#### Data shown ####

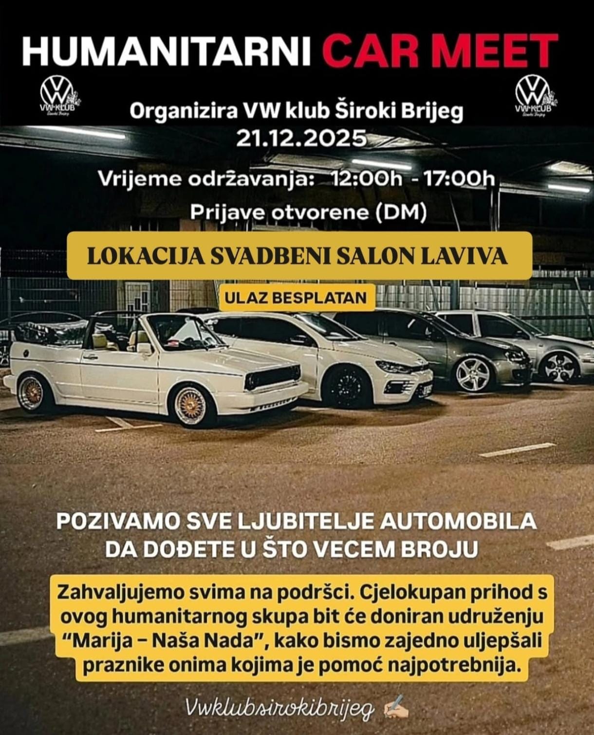 Zbog iznimno velikog interesa i rekordnog broja najavljenih vozila, organizatori humanitarnog Car Meeta koji će se održati 21. prosinca 2025. premjestili su događaj na novu, sigurniju i prostraniju lokaciju – parking Svadbenog salona Laviva u Širokom Brijegu
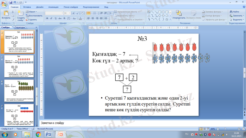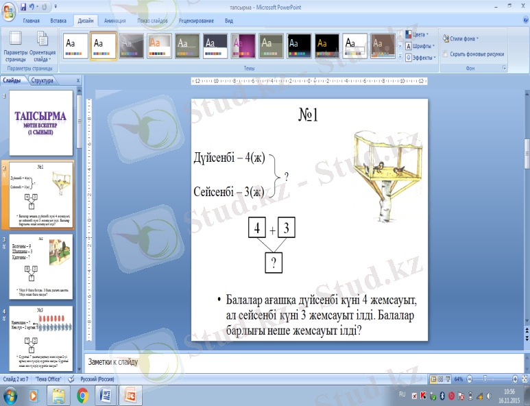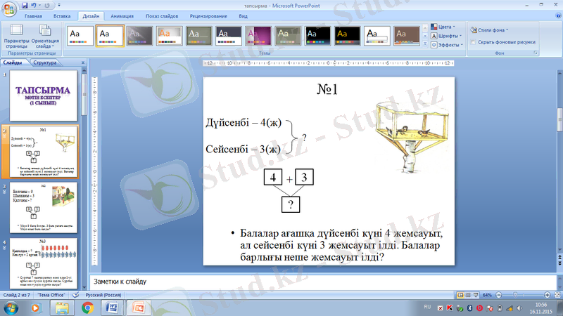 Мысалы: Балалар ағашқа дүйсенбі күні 4 жемсауыт, ал сейсенбі күні 3 жемсауыт ілді. Балалар барлығы неше жемсауыт ілді?
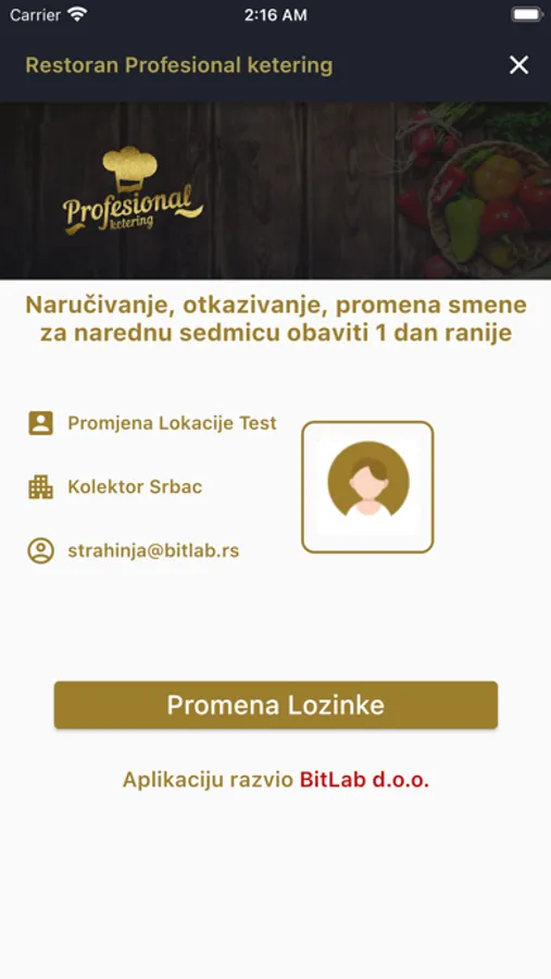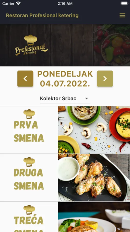 Aplikacija namenjena za pojednačno i zbirno naručivanje toplog obroka za radnike firmi koje imaju ugovor sa restoranom Professional ketering, Beograd.

####

▶ _Work to be completed_:
All of the material is to be reproduced verbatim, pictures excluded.

▶ _Your response_:
 Zbog iznimno velikog interesa i rekordnog broja najavljenih vozila, organizatori humanitarnog Car Meeta koji će se održati 21. prosinca 2025. premjestili su događaj na novu, sigurniju i prostraniju lokaciju – parking Svadbenog salona Laviva u Širokom Brijegu
 Мысалы: Балалар ағашқа дүйсенбі күні 4 жемсауыт, ал сейсенбі күні 3 жемсауыт ілді. Балалар барлығы неше жемсауыт ілді?
 Aplikacija namenjena za pojednačno i zbirno naručivanje toplog obroka za radnike firmi koje imaju ugovor sa restoranom Professional ketering, Beograd.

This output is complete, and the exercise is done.